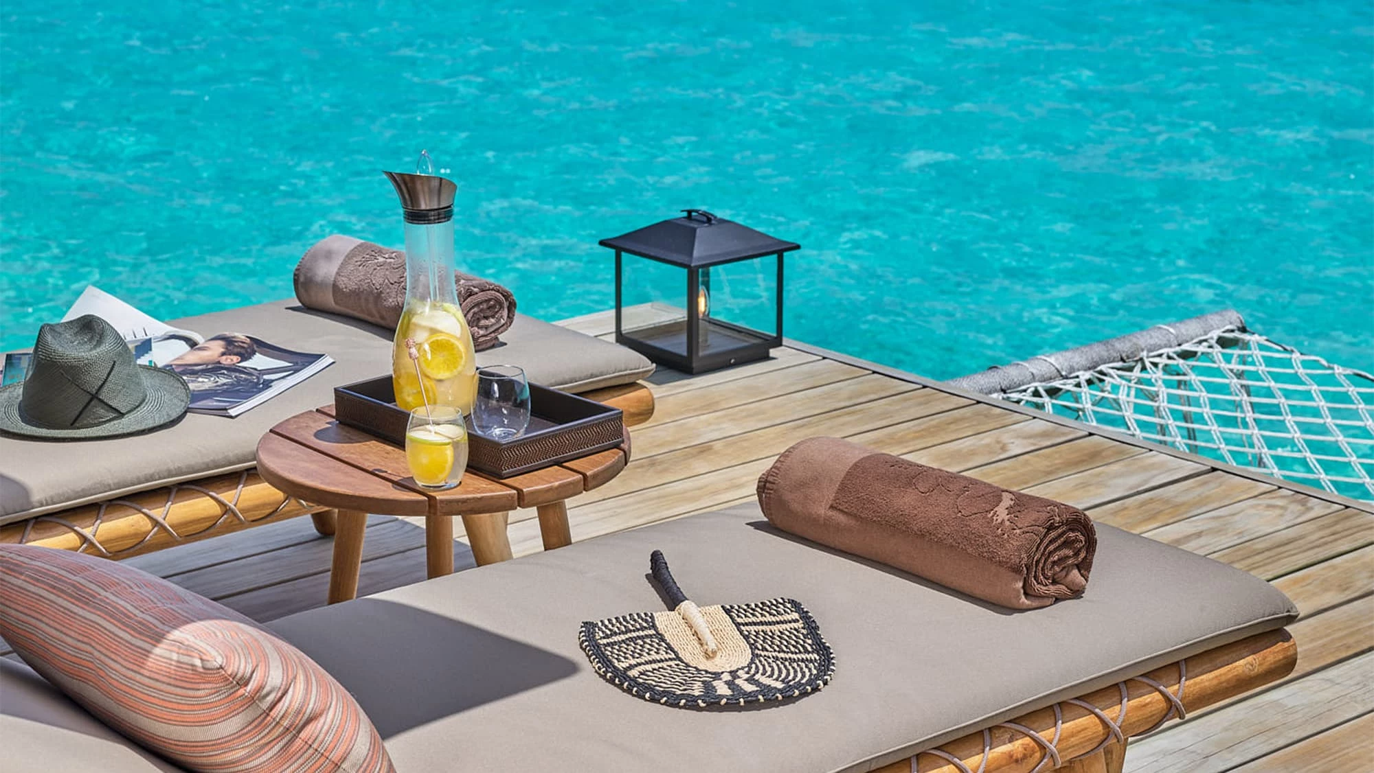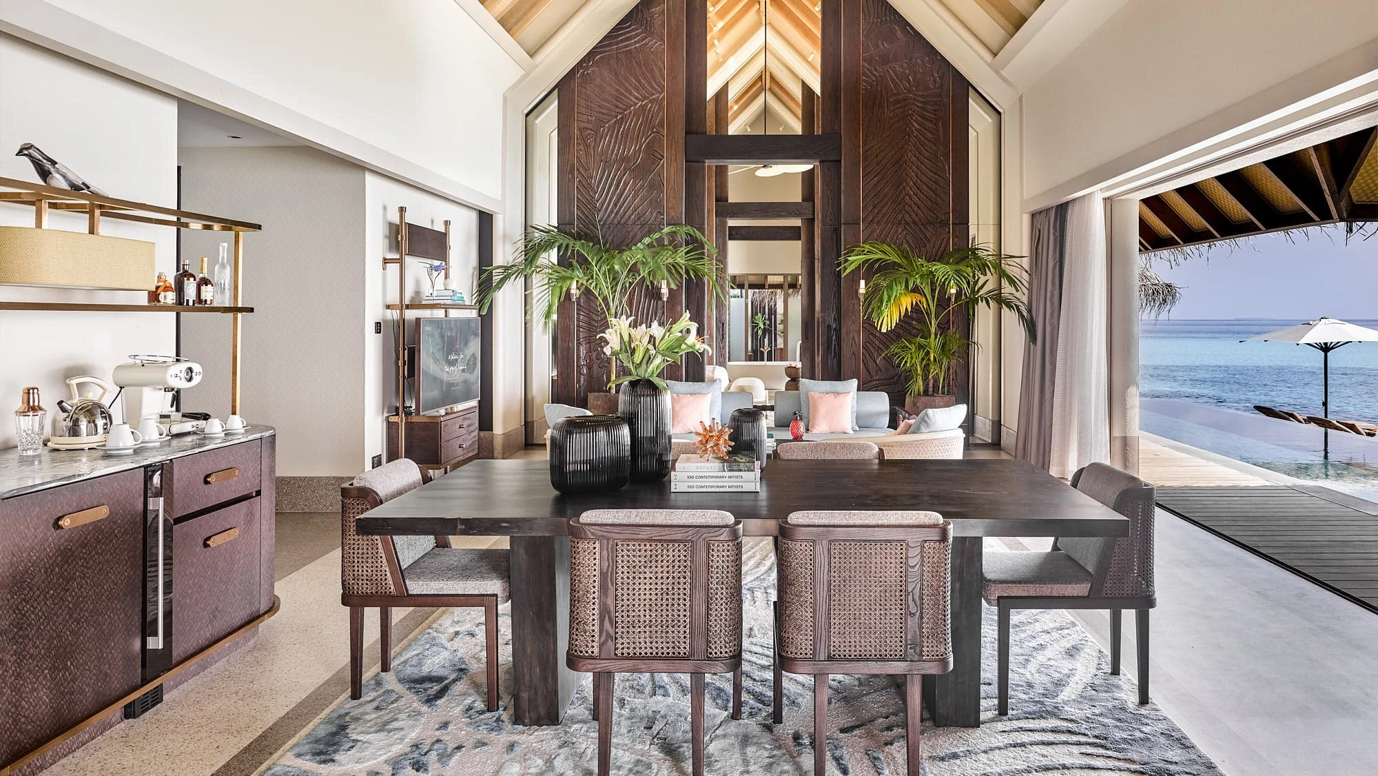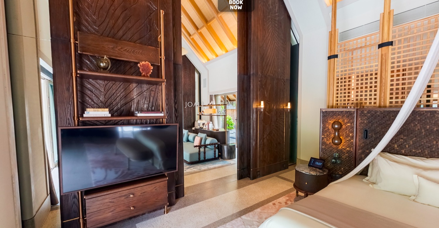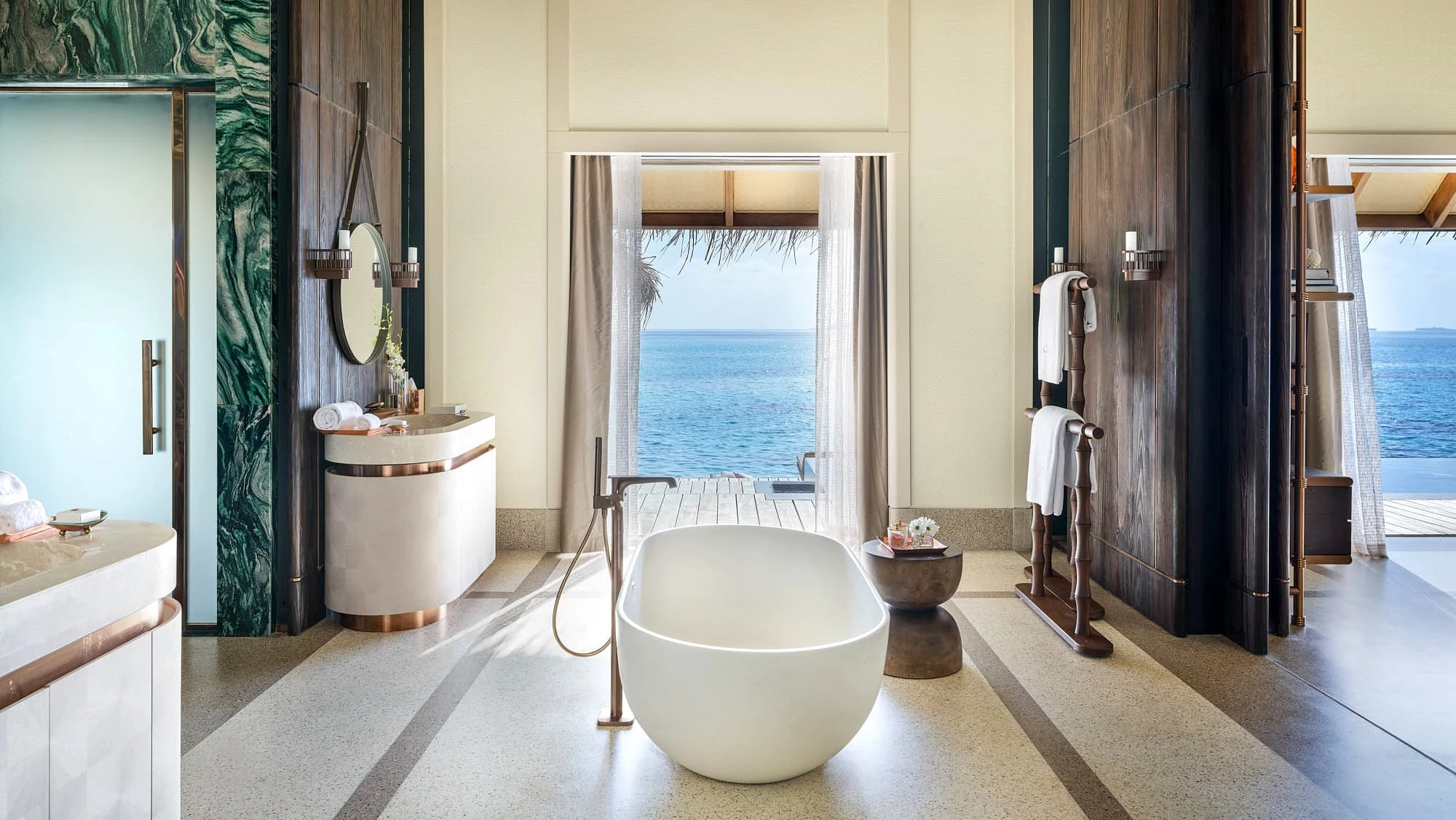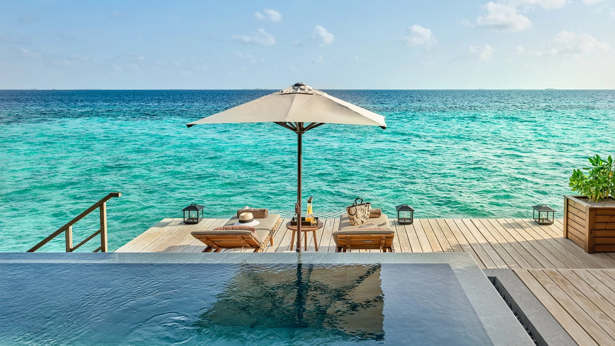 Вилла над водой оборудована террасой с бассейном, спальней с двуспальной кроватью, ванной комнатой с ванной и душем на открытом воздухе. В комплектации телевизор, кондиционер, набор для приготовления чая и кофе, мини-бар, сейф, телефон, фен. Имеется прямой спуск в воду. В числе прочих удобств беспроводной Интернет и услуги балтера.
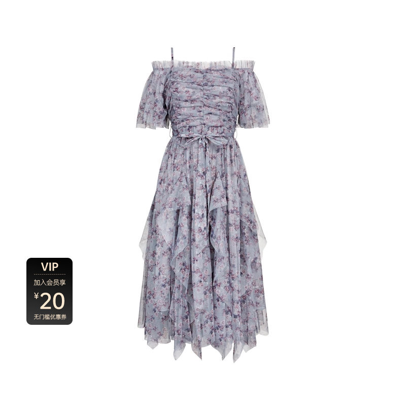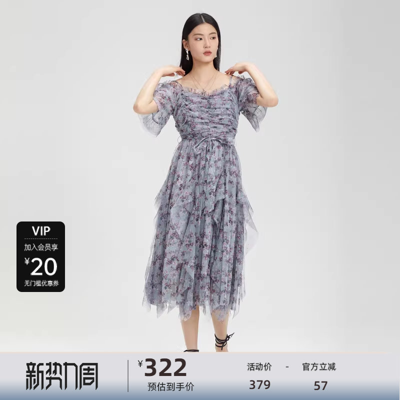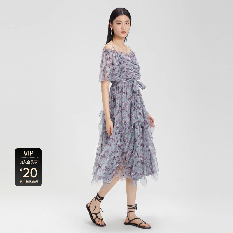 sdeer圣迪奥女装优雅收腰网纱碎花吊带连衣裙S232Z12D3
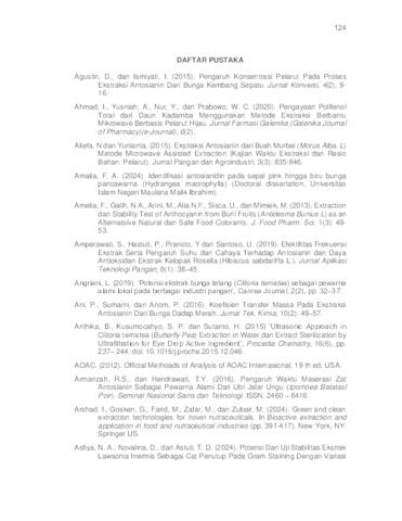 Bunga telang merupakan salah satu sumber pigmen alami yang banyak dimanfaatkan oleh masyarakat sebagai pangan fungsional karena tingginya komponen fitokimia khususnya antosianin. Metode ekstraksi konvensional seperti maserasi kurang optimal dalam mengekstraksi komponen fitokimia, karena waktu yang panjang dan memerlukan energi panas yang berlebihan. Oleh karena itu, penelitian ini bertujuan mengoptimalkan ekstraksi menggunakan Microwave Assisted Extraction (MAE) dengan pelarut aquades-asam tartrat 0,75% untuk menstabilkan antosianin. Tujuannya adalah menentukan kondisi MAE terbaik untuk mengekstrak komponen fitokimia seperti rendemen, antosianin, fenol, flavonoid, dan aktivitas antioksidan (IC50). Selain itu, penelitian ini menguji stabilitas ekstrak pada berbagai pH dan suhu, serta menganalisis perubahan mikrostruktur pigmen sebelum dan sesudah ekstraksi MAE dan maserasi panas. Response Surface Methodology Box Behnken Design (RSM-BBD) digunakan untuk optimasi, dengan variabel rasio pelarut, waktu, dan daya. Penelitian ini juga menggunakan ekstraksi konvensional metode maserasi panas sebagai pembanding. Hasil verifikasi RSM diperoleh kondisi optimal dengan rasio pelarut 1:15 (g/mL), waktu 9 menit, dan daya 360 watt, menghasilkan rendemen 54,10%, antosianin 40,07 mg/L, fenol 378,618 mgGAE/g, flavonoid 66,81 mgQE/g, dan IC50 11,491 ppm. Stabilitas pigmen terbukti lebih stabil pada pH 1-5 dan suhu 40-60°C, namun menurun pada pH ≥5 dan suhu ≥80°C. Analisis SEM menunjukkan deformasi struktural yang lebih signifikan pada ekstrak MAE dibandingkan maserasi panas, dengan retakan dan permukaan kasar.

EXERCISE PROMPT:
Please copy the lines above exactly as written, apart from any pictures.

RESULT OF THIS EXERCISE:
 Вилла над водой оборудована террасой с бассейном, спальней с двуспальной кроватью, ванной комнатой с ванной и душем на открытом воздухе. В комплектации телевизор, кондиционер, набор для приготовления чая и кофе, мини-бар, сейф, телефон, фен. Имеется прямой спуск в воду. В числе прочих удобств беспроводной Интернет и услуги балтера.
 sdeer圣迪奥女装优雅收腰网纱碎花吊带连衣裙S232Z12D3
 Bunga telang merupakan salah satu sumber pigmen alami yang banyak dimanfaatkan oleh masyarakat sebagai pangan fungsional karena tingginya komponen fitokimia khususnya antosianin. Metode ekstraksi konvensional seperti maserasi kurang optimal dalam mengekstraksi komponen fitokimia, karena waktu yang panjang dan memerlukan energi panas yang berlebihan. Oleh karena itu, penelitian ini bertujuan mengoptimalkan ekstraksi menggunakan Microwave Assisted Extraction (MAE) dengan pelarut aquades-asam tartrat 0,75% untuk menstabilkan antosianin. Tujuannya adalah menentukan kondisi MAE terbaik untuk mengekstrak komponen fitokimia seperti rendemen, antosianin, fenol, flavonoid, dan aktivitas antioksidan (IC50). Selain itu, penelitian ini menguji stabilitas ekstrak pada berbagai pH dan suhu, serta menganalisis perubahan mikrostruktur pigmen sebelum dan sesudah ekstraksi MAE dan maserasi panas. Response Surface Methodology Box Behnken Design (RSM-BBD) digunakan untuk optimasi, dengan variabel rasio pelarut, waktu, dan daya. Penelitian ini juga menggunakan ekstraksi konvensional metode maserasi panas sebagai pembanding. Hasil verifikasi RSM diperoleh kondisi optimal dengan rasio pelarut 1:15 (g/mL), waktu 9 menit, dan daya 360 watt, menghasilkan rendemen 54,10%, antosianin 40,07 mg/L, fenol 378,618 mgGAE/g, flavonoid 66,81 mgQE/g, dan IC50 11,491 ppm. Stabilitas pigmen terbukti lebih stabil pada pH 1-5 dan suhu 40-60°C, namun menurun pada pH ≥5 dan suhu ≥80°C. Analisis SEM menunjukkan deformasi struktural yang lebih signifikan pada ekstrak MAE dibandingkan maserasi panas, dengan retakan dan permukaan kasar.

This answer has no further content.